_Problem details_
From the records below, print only the part that opens with the line containing "The journey to" and closes with the line containing "A three story house with a two door garage."; omit the pictures.
*** Opening Study material ***
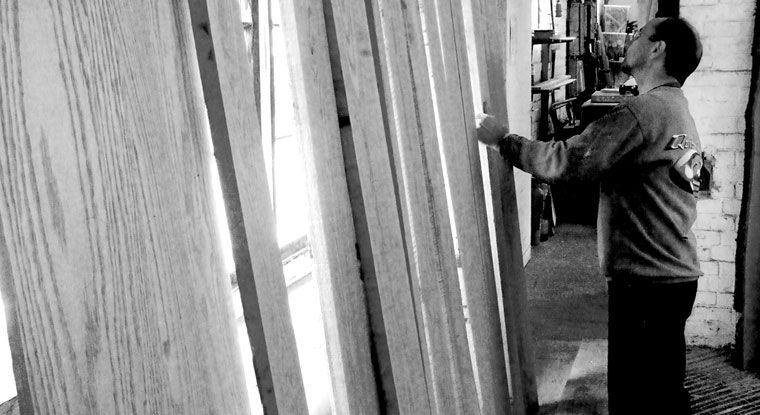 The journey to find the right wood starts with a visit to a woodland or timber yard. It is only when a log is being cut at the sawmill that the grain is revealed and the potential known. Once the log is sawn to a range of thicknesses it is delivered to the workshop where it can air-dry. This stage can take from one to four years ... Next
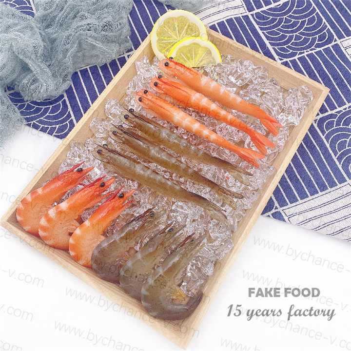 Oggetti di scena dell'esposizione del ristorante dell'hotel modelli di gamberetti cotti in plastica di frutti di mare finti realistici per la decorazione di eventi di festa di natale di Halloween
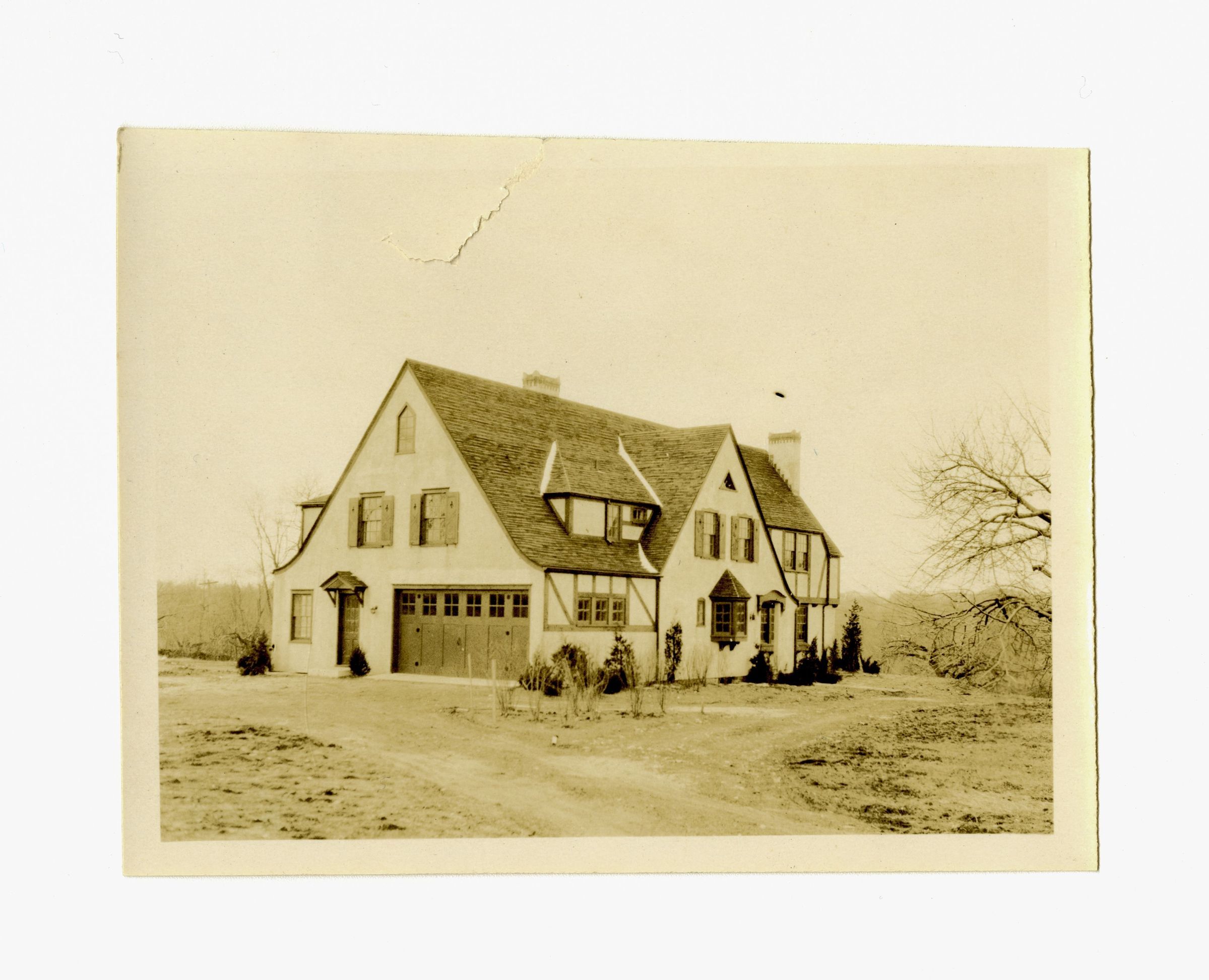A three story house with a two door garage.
*** Closing Study material ***
*** Opening Study material ***
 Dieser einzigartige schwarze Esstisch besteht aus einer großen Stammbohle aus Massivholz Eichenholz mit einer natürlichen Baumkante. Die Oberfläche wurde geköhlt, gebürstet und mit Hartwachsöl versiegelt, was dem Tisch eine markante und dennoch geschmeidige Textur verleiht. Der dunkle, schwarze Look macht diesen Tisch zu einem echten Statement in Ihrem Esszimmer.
*** Closing Study material ***
_Reply to the exercise_
 The journey to find the right wood starts with a visit to a woodland or timber yard. It is only when a log is being cut at the sawmill that the grain is revealed and the potential known. Once the log is sawn to a range of thicknesses it is delivered to the workshop where it can air-dry. This stage can take from one to four years ... Next
 Oggetti di scena dell'esposizione del ristorante dell'hotel modelli di gamberetti cotti in plastica di frutti di mare finti realistici per la decorazione di eventi di festa di natale di Halloween
A three story house with a two door garage.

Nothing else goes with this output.